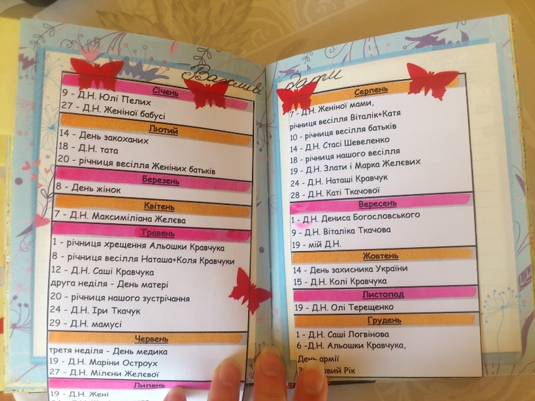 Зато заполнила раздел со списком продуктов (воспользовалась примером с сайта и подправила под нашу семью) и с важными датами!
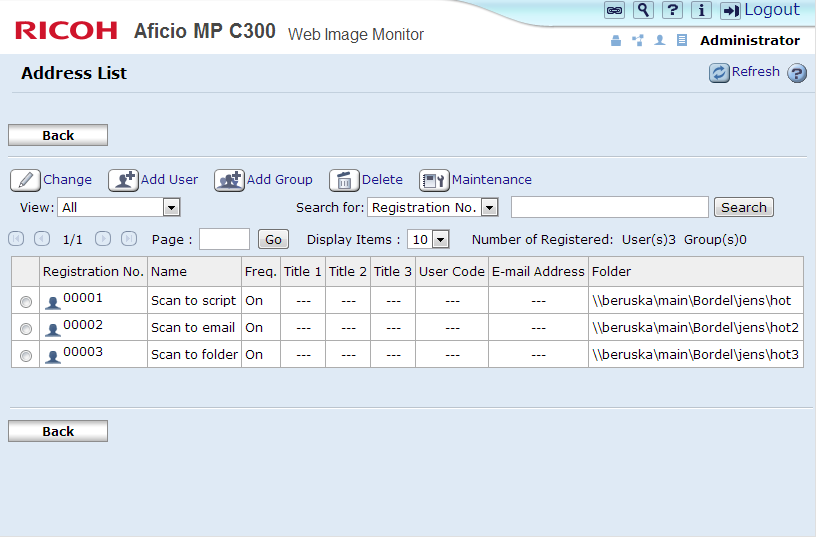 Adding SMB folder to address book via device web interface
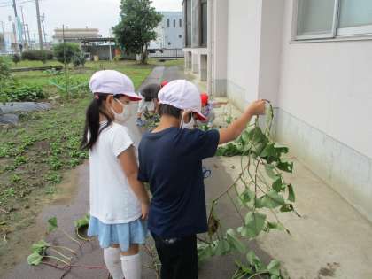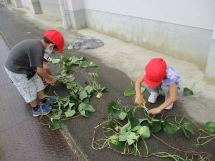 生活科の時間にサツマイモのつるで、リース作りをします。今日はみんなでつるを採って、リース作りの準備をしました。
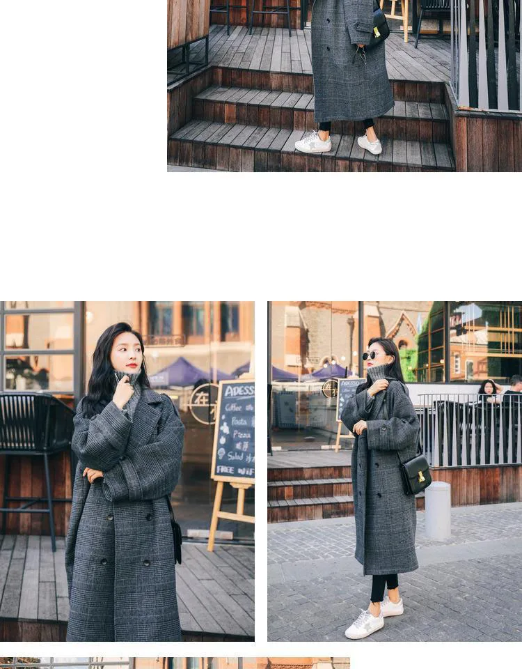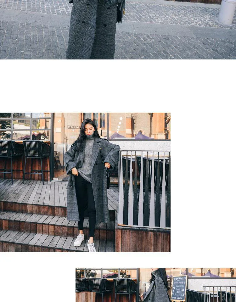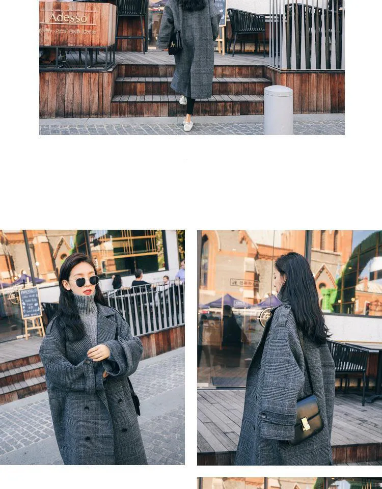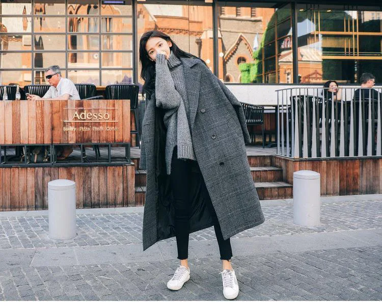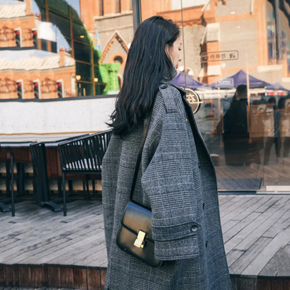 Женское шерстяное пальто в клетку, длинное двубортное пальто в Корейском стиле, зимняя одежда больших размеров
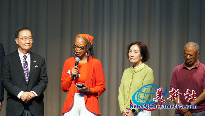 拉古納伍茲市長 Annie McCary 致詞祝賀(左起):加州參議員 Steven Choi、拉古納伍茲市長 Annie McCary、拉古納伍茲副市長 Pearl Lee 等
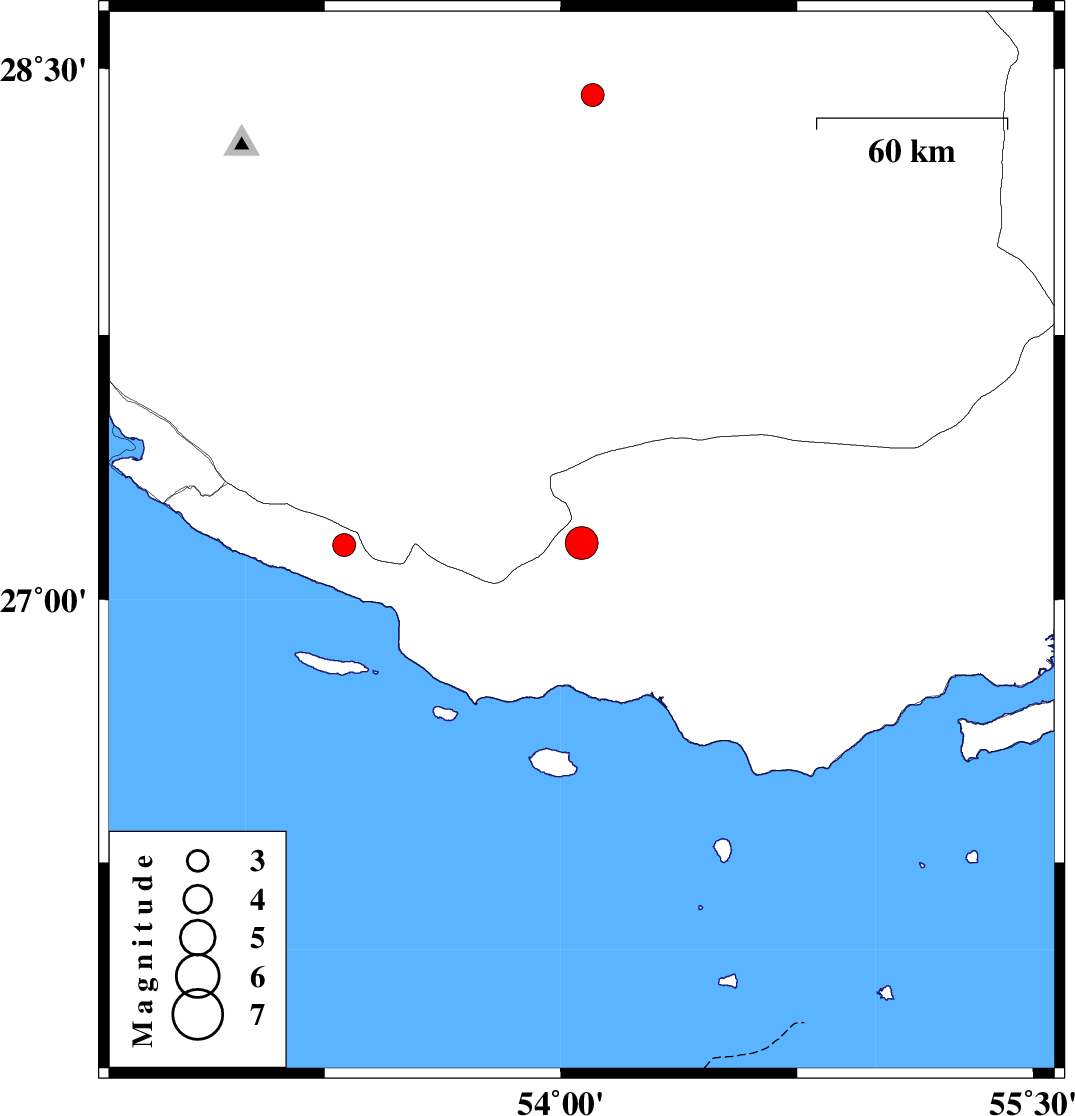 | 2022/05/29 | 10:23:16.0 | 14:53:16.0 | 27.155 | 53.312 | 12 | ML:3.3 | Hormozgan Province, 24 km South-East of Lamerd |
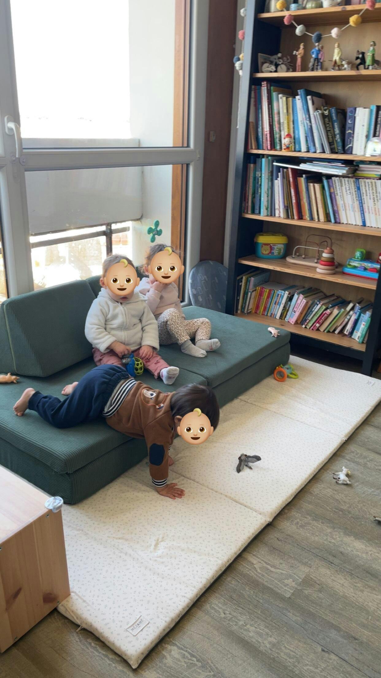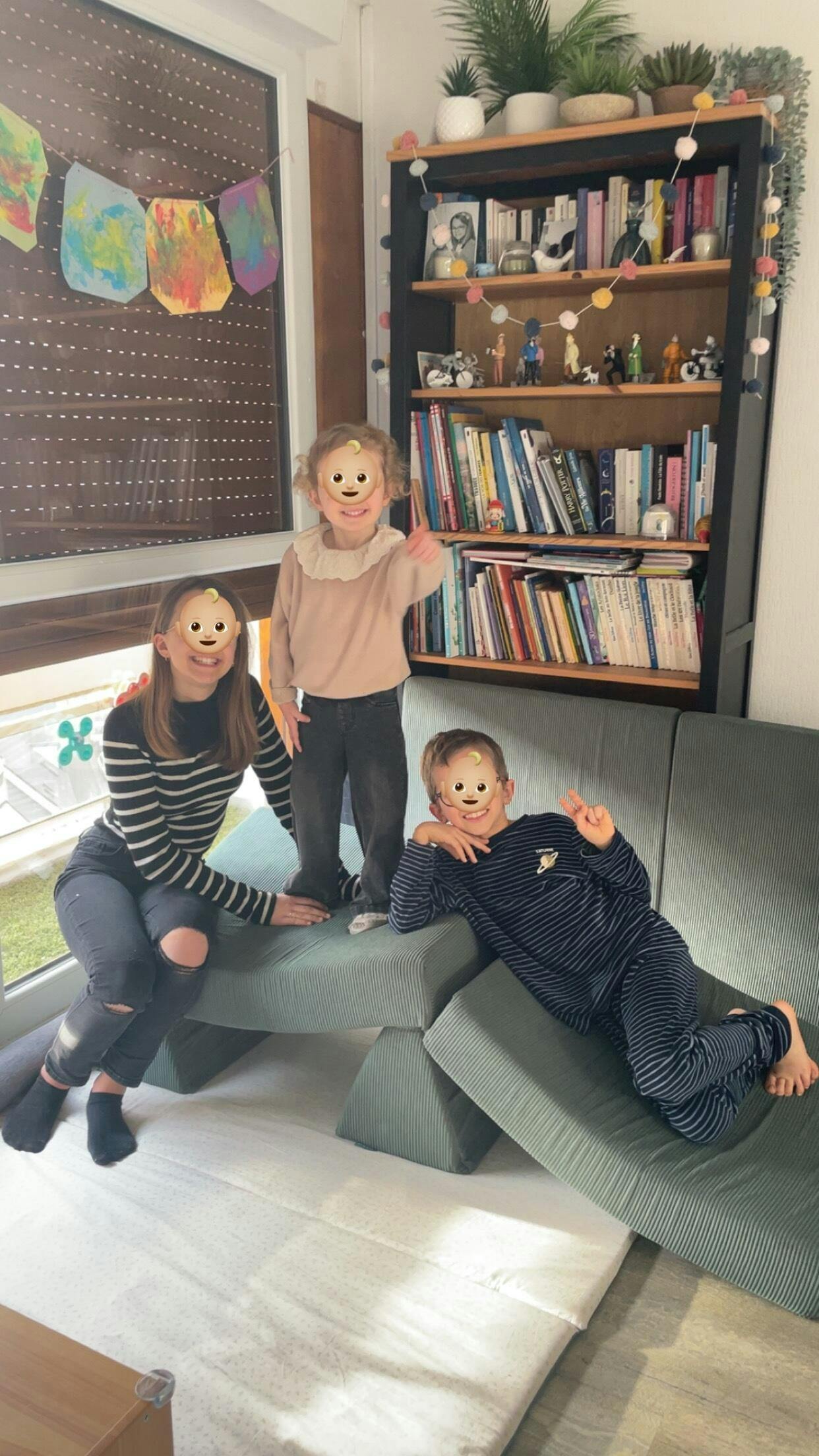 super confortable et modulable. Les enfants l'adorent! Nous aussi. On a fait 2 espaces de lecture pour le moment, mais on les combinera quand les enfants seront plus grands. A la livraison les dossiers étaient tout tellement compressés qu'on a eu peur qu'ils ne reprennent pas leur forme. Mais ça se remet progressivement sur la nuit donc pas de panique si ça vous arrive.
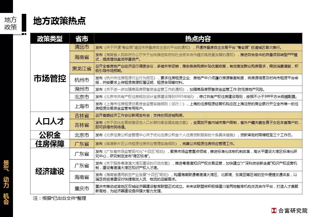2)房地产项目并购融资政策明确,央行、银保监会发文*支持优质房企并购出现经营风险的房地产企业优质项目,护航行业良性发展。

········

## WORK TASK
Quote the records above exactly, leaving out any pictures.

## RESULT OF THE EXERCISE
 Зато заполнила раздел со списком продуктов (воспользовалась примером с сайта и подправила под нашу семью) и с важными датами!
 Adding SMB folder to address book via device web interface
 生活科の時間にサツマイモのつるで、リース作りをします。今日はみんなでつるを採って、リース作りの準備をしました。
 Женское шерстяное пальто в клетку, длинное двубортное пальто в Корейском стиле, зимняя одежда больших размеров
 拉古納伍茲市長 Annie McCary 致詞祝賀(左起):加州參議員 Steven Choi、拉古納伍茲市長 Annie McCary、拉古納伍茲副市長 Pearl Lee 等
 | 2022/05/29 | 10:23:16.0 | 14:53:16.0 | 27.155 | 53.312 | 12 | ML:3.3 | Hormozgan Province, 24 km South-East of Lamerd |
 super confortable et modulable. Les enfants l'adorent! Nous aussi. On a fait 2 espaces de lecture pour le moment, mais on les combinera quand les enfants seront plus grands. A la livraison les dossiers étaient tout tellement compressés qu'on a eu peur qu'ils ne reprennent pas leur forme. Mais ça se remet progressivement sur la nuit donc pas de panique si ça vous arrive.
2)房地产项目并购融资政策明确,央行、银保监会发文*支持优质房企并购出现经营风险的房地产企业优质项目,护航行业良性发展。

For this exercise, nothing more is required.